Q: I read that breaking a stick scares away bears. Is that true?—Jim K., via email
You humans and your reading. Sometimes I think your higher intelligence gets you into more trouble than its worth—give me a sunny day, a field full of berries, and a river loaded with salmon, and I'm happy.
Nevertheless, what you've read isn't totally false; as usual, it depends on the type of bear. Black bears are notoriously skittish, and a snapping stick might be enough to startle me and make me high-tail it away from you (some Forest Service regulations recommend breaking sticks along with yelling and banging pots and pans to scare away a black).
If I'm a grizzly, a stick is enough to certainly make me snap to attention, but it might not be enough to let me know you're human. Bear researcher Tom Smith got brown bears in Katmai to respond instantly to a pencil breaking
, but they didn't exactly make me take off.

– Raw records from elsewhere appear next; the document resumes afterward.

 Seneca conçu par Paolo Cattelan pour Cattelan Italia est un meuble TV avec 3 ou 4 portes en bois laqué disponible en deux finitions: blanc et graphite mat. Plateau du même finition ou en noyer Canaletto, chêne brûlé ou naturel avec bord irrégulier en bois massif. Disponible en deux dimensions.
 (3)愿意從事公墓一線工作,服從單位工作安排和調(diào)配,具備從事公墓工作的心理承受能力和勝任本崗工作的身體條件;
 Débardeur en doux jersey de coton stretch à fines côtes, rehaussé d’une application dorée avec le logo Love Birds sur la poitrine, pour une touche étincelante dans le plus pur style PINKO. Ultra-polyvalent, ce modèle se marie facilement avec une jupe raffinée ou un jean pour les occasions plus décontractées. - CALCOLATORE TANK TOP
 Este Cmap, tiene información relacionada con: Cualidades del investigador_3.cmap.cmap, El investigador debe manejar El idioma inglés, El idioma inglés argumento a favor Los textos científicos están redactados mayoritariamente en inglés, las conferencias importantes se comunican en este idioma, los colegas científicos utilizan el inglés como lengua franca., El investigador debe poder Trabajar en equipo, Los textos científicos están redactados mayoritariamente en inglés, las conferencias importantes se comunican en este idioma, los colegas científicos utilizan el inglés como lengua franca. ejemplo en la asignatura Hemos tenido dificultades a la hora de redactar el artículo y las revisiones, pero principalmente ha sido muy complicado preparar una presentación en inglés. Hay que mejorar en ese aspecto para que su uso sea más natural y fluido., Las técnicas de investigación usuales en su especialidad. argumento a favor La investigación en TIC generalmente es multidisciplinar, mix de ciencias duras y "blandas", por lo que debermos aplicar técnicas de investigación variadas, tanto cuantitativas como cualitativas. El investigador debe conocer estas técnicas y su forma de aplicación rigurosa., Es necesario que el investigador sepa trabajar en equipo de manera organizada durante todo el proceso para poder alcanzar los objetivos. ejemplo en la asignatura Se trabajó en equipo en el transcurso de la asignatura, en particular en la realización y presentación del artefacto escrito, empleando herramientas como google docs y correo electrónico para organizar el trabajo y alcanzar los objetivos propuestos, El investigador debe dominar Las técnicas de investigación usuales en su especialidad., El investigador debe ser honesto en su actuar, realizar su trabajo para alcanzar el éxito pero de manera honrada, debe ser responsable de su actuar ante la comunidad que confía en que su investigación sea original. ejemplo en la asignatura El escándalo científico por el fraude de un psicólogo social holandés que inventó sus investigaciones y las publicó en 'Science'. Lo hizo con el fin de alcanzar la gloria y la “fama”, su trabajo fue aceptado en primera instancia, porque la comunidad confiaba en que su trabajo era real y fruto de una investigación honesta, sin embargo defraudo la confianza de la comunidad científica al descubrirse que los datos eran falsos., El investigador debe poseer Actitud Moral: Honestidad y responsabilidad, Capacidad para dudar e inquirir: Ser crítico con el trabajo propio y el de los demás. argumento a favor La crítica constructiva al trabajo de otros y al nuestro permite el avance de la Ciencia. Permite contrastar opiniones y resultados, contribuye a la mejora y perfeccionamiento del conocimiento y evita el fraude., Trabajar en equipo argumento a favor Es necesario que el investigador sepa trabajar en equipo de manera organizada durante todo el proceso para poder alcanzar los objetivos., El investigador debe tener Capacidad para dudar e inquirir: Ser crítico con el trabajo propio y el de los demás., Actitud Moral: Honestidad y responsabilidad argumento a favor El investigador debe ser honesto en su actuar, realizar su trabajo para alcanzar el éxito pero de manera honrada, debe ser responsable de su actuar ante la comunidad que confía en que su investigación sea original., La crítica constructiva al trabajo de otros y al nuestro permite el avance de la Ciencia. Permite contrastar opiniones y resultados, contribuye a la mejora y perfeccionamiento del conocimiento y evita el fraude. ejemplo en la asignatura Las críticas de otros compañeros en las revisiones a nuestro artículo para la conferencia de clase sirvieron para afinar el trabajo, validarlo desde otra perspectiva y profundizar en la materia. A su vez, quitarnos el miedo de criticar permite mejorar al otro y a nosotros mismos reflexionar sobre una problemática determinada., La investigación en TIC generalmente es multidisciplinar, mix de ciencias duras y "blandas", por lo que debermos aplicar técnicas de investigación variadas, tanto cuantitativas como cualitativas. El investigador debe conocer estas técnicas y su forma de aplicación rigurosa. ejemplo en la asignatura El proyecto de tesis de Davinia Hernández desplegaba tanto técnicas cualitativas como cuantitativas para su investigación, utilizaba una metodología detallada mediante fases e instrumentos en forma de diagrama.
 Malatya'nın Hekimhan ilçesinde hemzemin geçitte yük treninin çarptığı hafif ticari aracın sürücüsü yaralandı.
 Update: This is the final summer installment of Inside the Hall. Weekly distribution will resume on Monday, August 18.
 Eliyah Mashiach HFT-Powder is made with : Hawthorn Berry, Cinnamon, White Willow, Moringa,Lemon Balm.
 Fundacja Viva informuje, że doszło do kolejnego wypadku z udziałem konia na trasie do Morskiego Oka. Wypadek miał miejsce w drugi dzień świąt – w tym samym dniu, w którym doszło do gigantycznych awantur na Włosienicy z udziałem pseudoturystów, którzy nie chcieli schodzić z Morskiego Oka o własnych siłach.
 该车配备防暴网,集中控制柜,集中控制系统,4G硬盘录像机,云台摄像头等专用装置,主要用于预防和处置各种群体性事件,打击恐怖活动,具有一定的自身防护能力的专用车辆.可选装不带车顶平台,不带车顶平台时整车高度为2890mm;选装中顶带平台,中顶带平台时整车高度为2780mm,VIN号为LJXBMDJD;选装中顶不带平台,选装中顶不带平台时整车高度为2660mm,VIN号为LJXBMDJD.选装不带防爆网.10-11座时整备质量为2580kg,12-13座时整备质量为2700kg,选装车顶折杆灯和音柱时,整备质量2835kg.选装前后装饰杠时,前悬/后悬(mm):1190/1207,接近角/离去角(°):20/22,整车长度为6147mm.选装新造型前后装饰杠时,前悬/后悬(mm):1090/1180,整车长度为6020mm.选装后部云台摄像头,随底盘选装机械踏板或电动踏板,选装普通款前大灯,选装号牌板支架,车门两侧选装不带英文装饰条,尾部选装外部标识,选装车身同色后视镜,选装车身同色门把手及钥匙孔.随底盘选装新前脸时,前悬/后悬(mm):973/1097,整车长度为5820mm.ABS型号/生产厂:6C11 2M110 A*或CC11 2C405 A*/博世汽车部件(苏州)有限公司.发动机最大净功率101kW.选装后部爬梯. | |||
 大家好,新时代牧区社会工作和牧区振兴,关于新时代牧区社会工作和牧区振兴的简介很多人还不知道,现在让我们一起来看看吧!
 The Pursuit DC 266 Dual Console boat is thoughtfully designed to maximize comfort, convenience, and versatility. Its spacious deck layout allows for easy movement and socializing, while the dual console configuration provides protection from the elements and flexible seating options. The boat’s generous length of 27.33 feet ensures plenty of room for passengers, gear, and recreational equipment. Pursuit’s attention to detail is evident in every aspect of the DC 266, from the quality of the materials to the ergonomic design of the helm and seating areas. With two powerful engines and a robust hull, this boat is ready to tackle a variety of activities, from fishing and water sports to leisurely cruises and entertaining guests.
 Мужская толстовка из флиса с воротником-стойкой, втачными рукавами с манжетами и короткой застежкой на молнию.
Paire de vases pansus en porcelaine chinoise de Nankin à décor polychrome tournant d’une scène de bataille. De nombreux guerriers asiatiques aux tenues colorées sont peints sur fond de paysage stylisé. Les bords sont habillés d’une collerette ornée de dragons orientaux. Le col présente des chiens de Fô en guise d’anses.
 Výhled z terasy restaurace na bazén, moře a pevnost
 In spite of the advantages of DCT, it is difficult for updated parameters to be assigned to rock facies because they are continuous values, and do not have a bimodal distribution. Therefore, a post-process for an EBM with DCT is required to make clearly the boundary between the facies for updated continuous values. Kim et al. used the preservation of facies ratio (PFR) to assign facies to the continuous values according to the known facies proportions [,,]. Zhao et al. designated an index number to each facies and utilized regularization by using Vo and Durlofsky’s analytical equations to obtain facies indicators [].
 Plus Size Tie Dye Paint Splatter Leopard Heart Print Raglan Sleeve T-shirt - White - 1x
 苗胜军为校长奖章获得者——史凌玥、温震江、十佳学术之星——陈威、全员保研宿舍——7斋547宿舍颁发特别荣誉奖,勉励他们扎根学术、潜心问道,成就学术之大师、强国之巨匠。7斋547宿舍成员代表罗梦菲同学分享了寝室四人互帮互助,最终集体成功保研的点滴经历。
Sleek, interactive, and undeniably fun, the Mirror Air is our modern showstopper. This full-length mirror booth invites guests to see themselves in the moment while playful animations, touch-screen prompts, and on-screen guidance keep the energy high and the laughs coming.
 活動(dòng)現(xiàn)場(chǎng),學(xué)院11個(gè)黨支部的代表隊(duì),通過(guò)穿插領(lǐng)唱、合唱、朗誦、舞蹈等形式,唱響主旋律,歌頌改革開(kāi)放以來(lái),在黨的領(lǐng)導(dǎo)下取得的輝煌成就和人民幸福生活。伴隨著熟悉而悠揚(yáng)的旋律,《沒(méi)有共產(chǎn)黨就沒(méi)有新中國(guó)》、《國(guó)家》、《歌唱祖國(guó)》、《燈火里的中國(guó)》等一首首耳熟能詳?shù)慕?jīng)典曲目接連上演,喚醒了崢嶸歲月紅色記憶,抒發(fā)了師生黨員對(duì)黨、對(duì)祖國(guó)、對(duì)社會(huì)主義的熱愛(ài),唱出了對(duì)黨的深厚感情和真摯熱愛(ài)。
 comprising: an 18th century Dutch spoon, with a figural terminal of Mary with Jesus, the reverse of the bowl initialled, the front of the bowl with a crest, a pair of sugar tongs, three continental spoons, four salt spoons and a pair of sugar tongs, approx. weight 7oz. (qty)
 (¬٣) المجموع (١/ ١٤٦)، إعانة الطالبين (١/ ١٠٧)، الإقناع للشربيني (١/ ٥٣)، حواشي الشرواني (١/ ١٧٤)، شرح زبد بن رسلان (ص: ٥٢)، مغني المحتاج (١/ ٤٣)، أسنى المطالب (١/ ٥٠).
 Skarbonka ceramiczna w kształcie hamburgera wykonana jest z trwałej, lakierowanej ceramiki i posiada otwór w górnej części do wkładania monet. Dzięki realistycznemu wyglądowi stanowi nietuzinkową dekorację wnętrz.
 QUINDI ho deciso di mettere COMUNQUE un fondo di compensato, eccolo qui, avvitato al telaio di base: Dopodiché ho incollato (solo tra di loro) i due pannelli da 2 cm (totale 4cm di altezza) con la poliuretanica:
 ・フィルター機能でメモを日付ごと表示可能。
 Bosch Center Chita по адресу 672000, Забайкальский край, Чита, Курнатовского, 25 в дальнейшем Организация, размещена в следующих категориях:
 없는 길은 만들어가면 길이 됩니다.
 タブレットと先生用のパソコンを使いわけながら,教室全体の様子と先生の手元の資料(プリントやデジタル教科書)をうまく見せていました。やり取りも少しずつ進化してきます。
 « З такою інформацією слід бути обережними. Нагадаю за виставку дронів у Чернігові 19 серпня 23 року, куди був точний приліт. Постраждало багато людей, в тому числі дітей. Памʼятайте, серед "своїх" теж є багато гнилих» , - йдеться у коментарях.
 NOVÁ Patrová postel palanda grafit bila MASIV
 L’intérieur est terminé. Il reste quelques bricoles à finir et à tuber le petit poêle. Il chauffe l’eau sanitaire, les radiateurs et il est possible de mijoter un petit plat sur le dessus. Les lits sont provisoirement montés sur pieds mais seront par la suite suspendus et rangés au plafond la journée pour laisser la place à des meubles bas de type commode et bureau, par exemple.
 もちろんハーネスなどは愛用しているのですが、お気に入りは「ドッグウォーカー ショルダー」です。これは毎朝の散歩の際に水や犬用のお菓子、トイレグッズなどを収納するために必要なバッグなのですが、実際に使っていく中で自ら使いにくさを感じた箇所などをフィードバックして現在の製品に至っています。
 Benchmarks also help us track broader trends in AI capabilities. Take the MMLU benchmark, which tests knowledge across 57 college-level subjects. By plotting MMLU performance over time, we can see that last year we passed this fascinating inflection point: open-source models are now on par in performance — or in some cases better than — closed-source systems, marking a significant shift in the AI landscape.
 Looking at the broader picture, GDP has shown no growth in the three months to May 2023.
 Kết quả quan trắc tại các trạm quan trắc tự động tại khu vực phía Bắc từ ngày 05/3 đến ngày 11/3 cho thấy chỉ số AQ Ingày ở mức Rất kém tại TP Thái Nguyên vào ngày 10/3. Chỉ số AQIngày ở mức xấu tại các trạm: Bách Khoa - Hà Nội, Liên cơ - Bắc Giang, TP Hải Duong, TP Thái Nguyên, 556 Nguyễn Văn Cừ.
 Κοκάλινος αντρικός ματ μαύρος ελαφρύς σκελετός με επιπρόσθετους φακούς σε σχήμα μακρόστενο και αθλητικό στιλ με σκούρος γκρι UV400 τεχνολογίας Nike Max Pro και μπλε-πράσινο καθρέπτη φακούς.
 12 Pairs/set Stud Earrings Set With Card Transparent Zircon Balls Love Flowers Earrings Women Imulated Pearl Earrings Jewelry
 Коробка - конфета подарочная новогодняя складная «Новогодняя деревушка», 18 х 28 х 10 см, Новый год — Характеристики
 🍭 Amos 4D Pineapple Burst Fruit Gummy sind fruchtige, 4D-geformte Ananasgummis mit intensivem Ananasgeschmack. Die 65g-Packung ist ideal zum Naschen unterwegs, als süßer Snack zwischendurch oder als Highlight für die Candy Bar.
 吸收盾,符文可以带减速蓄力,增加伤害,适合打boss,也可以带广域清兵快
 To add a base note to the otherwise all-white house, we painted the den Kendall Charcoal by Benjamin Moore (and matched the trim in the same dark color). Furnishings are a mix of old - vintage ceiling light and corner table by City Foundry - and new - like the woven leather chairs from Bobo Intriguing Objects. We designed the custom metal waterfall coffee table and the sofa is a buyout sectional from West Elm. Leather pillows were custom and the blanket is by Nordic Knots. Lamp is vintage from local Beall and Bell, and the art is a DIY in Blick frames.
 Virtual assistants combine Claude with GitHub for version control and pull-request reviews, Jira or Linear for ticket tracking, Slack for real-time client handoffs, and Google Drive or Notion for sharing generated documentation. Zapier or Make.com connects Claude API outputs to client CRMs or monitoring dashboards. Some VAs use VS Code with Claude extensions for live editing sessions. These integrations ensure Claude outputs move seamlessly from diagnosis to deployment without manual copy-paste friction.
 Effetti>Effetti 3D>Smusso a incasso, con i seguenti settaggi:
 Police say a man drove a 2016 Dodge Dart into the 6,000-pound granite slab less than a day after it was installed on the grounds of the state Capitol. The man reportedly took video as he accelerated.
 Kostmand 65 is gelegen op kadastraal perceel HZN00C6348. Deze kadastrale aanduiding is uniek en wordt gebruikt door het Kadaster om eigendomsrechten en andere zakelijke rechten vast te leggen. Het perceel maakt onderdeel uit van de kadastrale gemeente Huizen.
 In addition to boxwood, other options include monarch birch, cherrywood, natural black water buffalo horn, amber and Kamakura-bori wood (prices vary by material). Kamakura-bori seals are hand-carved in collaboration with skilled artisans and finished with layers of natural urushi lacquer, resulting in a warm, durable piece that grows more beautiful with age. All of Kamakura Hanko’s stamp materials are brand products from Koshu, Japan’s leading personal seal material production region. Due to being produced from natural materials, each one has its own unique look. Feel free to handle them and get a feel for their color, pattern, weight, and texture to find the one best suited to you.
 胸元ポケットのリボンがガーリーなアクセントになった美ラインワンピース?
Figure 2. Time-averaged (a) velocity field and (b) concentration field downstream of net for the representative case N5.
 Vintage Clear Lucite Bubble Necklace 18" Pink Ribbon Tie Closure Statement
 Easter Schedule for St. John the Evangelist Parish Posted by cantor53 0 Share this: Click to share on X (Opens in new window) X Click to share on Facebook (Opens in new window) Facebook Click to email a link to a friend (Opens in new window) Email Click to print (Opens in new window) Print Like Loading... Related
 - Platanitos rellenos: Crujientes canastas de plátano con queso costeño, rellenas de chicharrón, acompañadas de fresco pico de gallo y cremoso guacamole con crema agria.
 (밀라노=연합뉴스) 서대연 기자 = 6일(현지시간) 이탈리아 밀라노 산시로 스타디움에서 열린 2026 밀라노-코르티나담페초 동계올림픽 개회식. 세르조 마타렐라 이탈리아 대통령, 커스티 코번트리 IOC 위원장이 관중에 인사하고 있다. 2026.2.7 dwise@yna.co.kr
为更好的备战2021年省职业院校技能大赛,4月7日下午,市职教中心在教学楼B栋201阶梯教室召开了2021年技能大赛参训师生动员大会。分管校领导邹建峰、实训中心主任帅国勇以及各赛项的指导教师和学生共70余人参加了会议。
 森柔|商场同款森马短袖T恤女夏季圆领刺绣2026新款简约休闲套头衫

In both cases, stick-breaking isn't nearly as efficient as the human voice. It's more likely to blend in as a natural sound of the forest, get drowned out by rivers or wind, or possibly elicit my curiosity because it's not explicitly a human noise. You're better off singing, yodeling, or talking loudly to get me moving on.
Besides, it seems like be a pain to constantly find and break all those sticks when the alternative is simply using your voice. But what do I know—I don't even have opposable thumbs.